Provided data
-*-*-

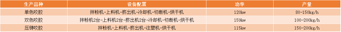 直接擠出型咬膠主要加工條狀、棒狀雙色咬膠,其形狀通過(guò)磨具擠壓后直接定型,通過(guò)切斷機切斷后達到要求的理想尺寸。其形狀根據產(chǎn)品要求開(kāi)模,五角星、五棱、六棱、十字、狗骨頭,、雙色熊掌、五花肉等形狀等。
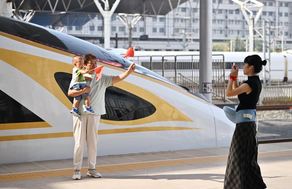 10月1日,旅客在天津站城际列车旁留影。新华社记者 李然 摄
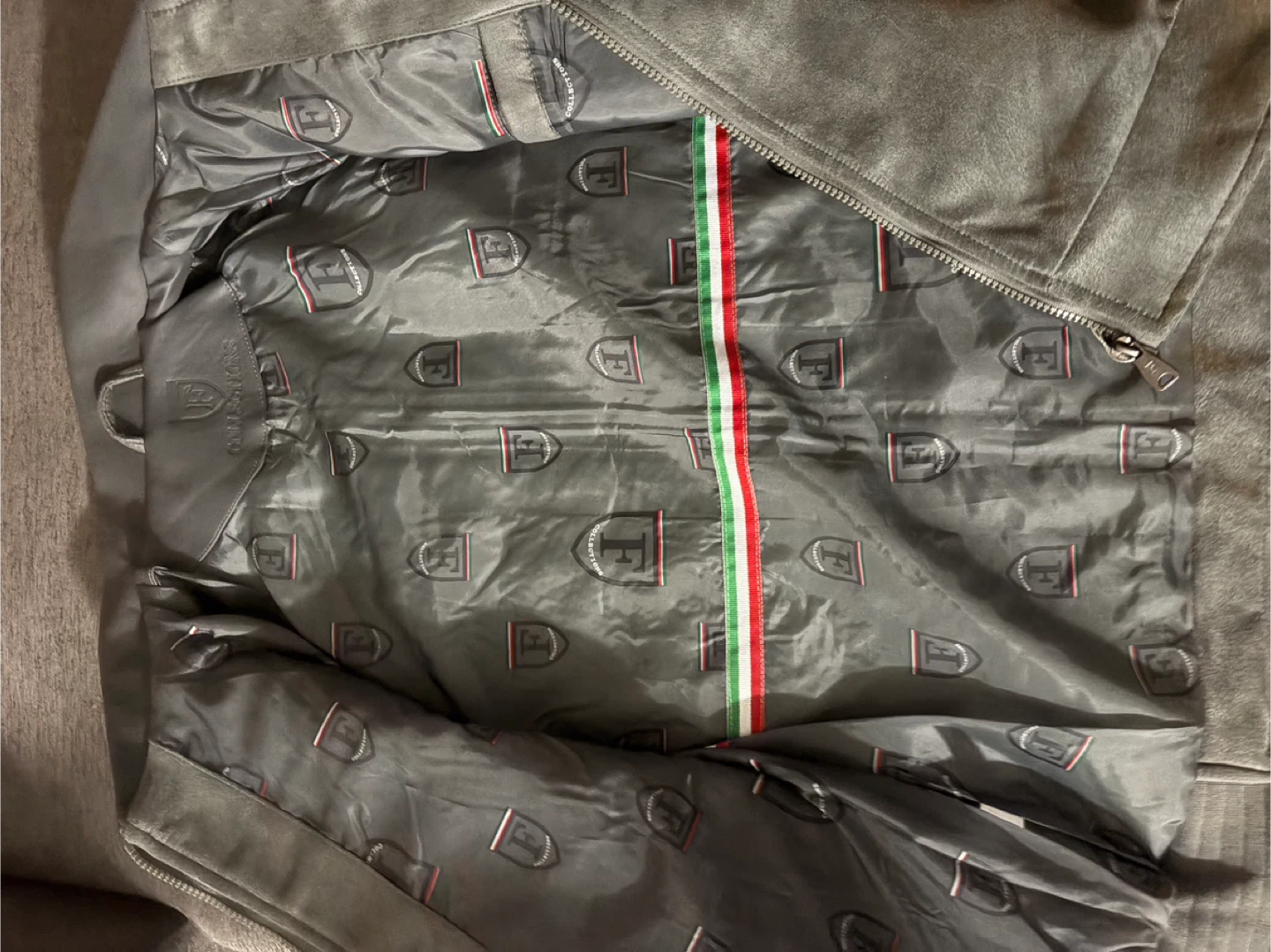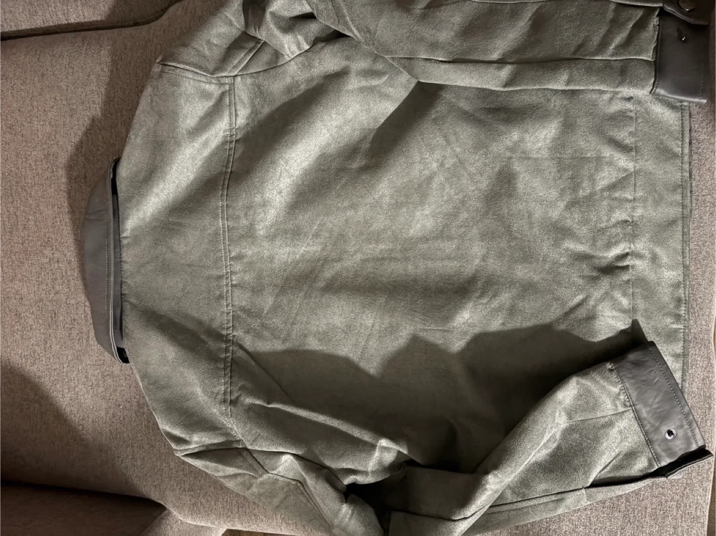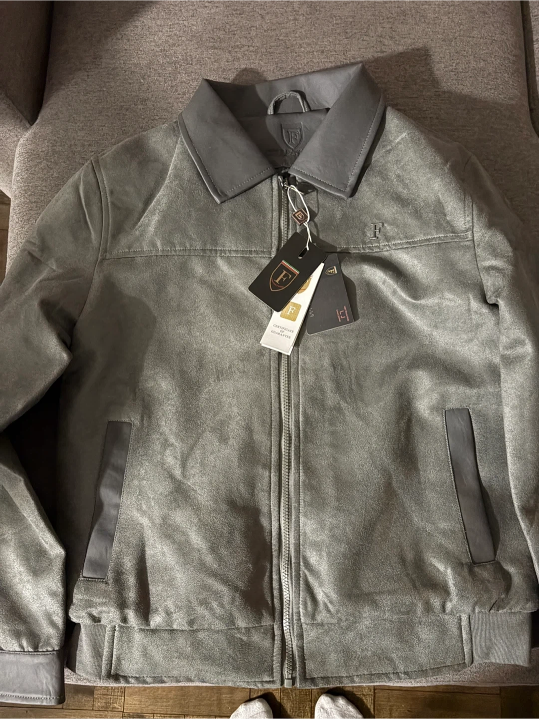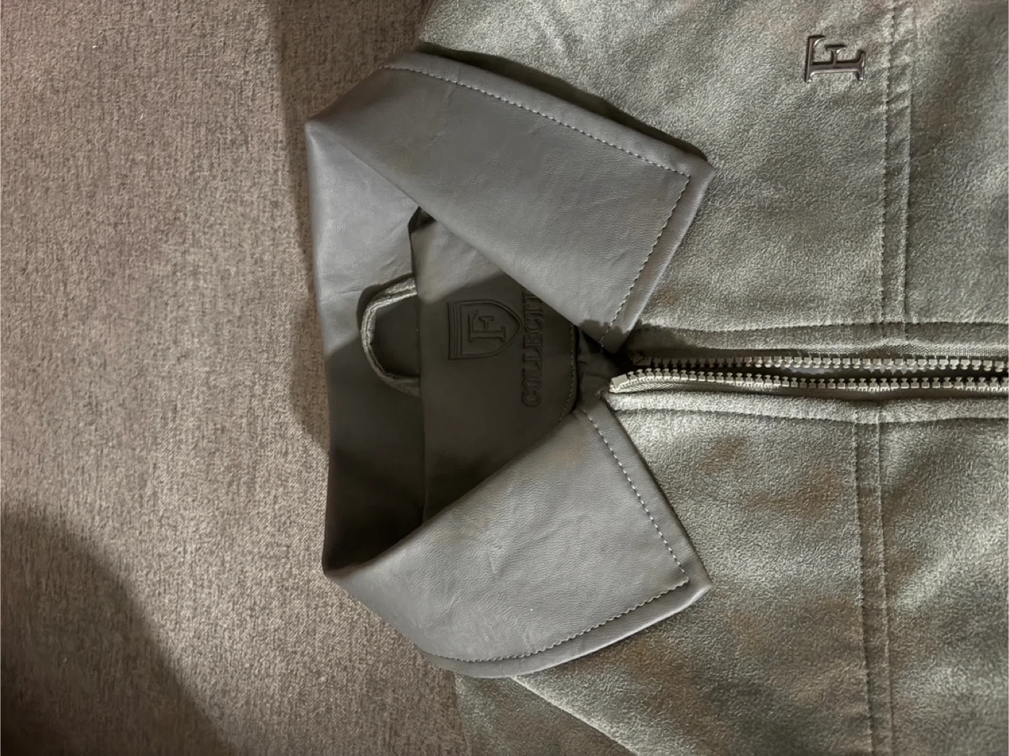 Selling a bomber jacket in a stylish grey colour. The jacket features a unique design with the brand's logo subtly incorporated into the lining. It's perfect for adding a touch of sophistication to any outfit

-*-*-

The answer must be the full listing retyped exactly, with no pictures in it.

Your solution
 直接擠出型咬膠主要加工條狀、棒狀雙色咬膠,其形狀通過(guò)磨具擠壓后直接定型,通過(guò)切斷機切斷后達到要求的理想尺寸。其形狀根據產(chǎn)品要求開(kāi)模,五角星、五棱、六棱、十字、狗骨頭,、雙色熊掌、五花肉等形狀等。
 10月1日,旅客在天津站城际列车旁留影。新华社记者 李然 摄
 Selling a bomber jacket in a stylish grey colour. The jacket features a unique design with the brand's logo subtly incorporated into the lining. It's perfect for adding a touch of sophistication to any outfit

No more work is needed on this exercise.